Simon Andrew Hicks Mayo  (born 21 September 1958) is an English radio presenter and author who worked for BBC Radio from 1982 until 2022.

Mayo has presented across three BBC stations for extended periods. From 1986 to 2001 he worked for Radio 1, including a five-year stint on the Radio 1 Breakfast Show. From 2001 he presented on BBC Radio 5 Live: from his debut until 2009 on a daily afternoon programme, and since then until 2022 with Kermode and Mayo's Film Review on Fridays. Between January 2010 to December 2018 he was the presenter of Simon Mayo Drivetime on BBC Radio 2, for the final six months with co-host Jo Whiley. Since March 2021, Simon Mayo Drivetime has returned on Greatest Hits Radio.

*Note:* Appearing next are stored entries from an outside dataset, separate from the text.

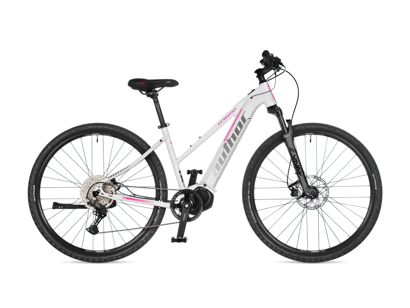 Velmi populární dámské krosové elektrokolo kategorie E-CROSS 29 vyšší třídy. Tato kategorie vychází z požadavku doby o větší komfort při běžné jízdě i mimo silnici a popularitu 29" kol. Všechny modely E-CROSS 29 mají zdvih odpružených vidlic 80 mm. Uživatelce nabídne optimální poměr mezi sportovním a komfortním projevem. Za jeho sportovními ambicemi stojí především nízká hmotnost a citlivý projev elektromotoru Shimano STEPS. Díky torznímu snímači v klikách dokáže jemně dávkovat svoji pomoc a nekazí tak pocit jízdy, který je velmi podobný jako na běžném kole. Pohodlí zde představuje zejména snížený rám s nízkým nástupem, který je doplněn vzduchovou odpruženou vidlicí RST. Ke skvělému pocitu z jízdy přispívá i velmi měkké gelové sedlo a ergonomické gripy. Díky nízkému těžišti, lehkému a přesnému řazení nového Shimano Cues s rozsahem kazety 11–48 zubů a citlivým brzdám Tektro se Enigma skvěle ovládá a poskytuje své jezdkyni unikátní jízdní zážitek. Model je určen zejména sportovněji založeným ženám a dívkám, které byly či jsou zvyklé jezdit na kole. Není to motorka, která by odvedla všechnu práci za jezdkyni, ale chytrý citlivý stroj, který svoji dopomoc poskytne právě ve chvíli, kdy je jí potřeba. Author Enigma Vám tak umožní zvládnout kopcovitější nebo delší trasu aniž byste si sáhli na dno fyzických sil. Můžete si tak užívat cyklistiku bez stresu že někoho zdržujete, bez obav z toho, že Vám dojdou síly. Zmizí strašák dlouhých stoupání a nepříjemného protivětru, zůstanou pouze příjemné pocity a čistá radost ze zdravého pohybu. Enigma je jednou provždy vyřešená hádanka, zda je pro Vás vhodné elektrokolo.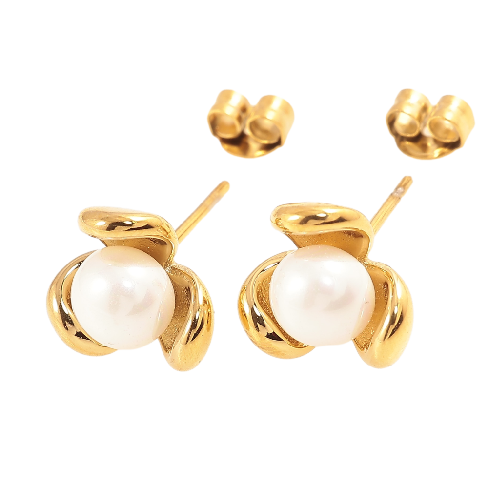 Серьги Нержавеющая сталь пусеты "Цветочки с жемчужинами" фото №1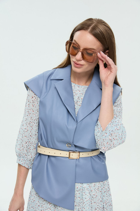 Жилет из экокожи прямого силуэта с воротником пиджачного типа. По правой пройме переда расположена фигурная деталь "крылышко". Спинка со средним швом. По низу правого переда и низу правой спинки фигурная деталь. По левой части переда и левой части спинки отлетная кокетка. Изделие идёт в комплекте с ремнем из экокожи.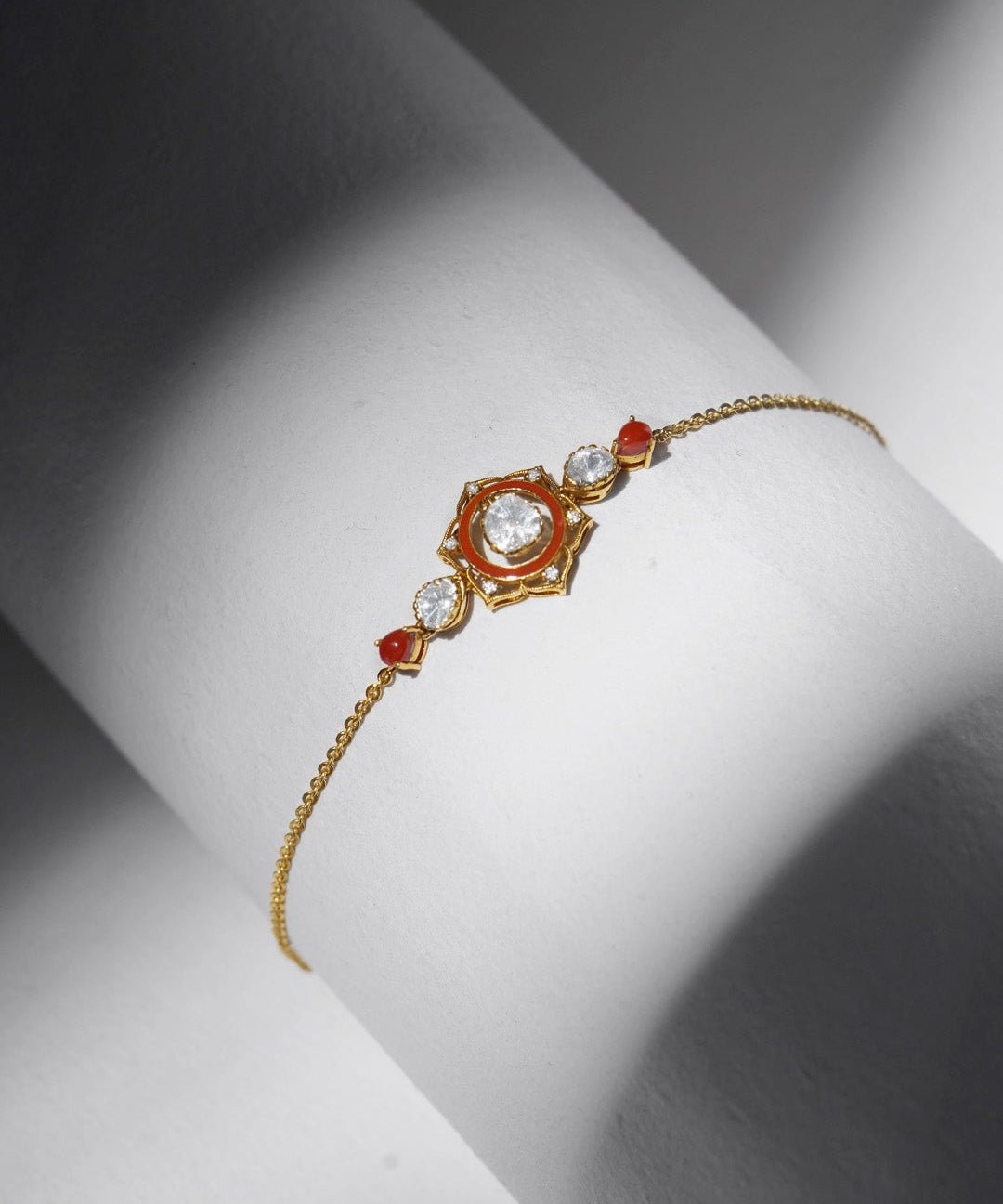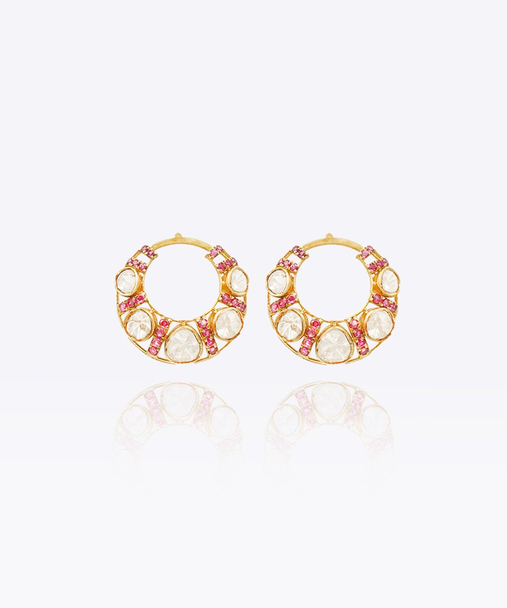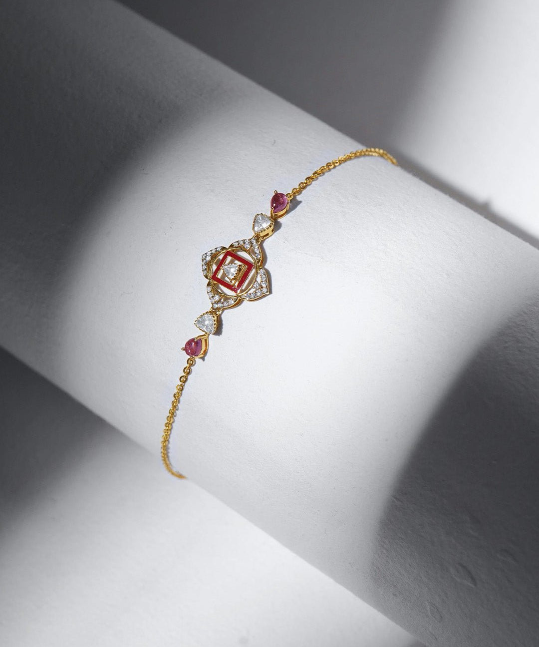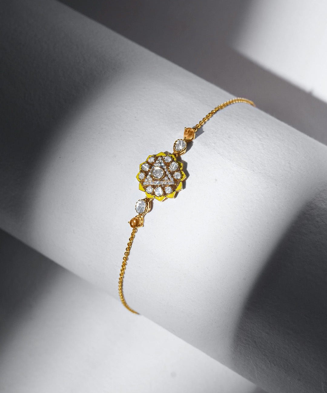 A poetic blend of tradition and modernity, this 18k gold ring features Polki and brilliant-cut diamonds in a sculptural floral silhouette. Blush enamel detailing adds a dreamy, dawn-like glow — a delicate statement of elegance and romance.

In 2008, Mayo was recognised as the "Radio Broadcaster of the Year"  at the 34th annual Broadcasting Press Guild Awards, and the "Speech Broadcaster of the Year" at the Sony Radio Academy Awards, receiving the latter for his "ability to paint colourful pictures of location and event and his ability to bring the very best out of his guests, encouraging conversation and interaction between them while skilfully nudging and controlling them" and for being  "a master of light and shade, handling serious and lighter issues with aplomb."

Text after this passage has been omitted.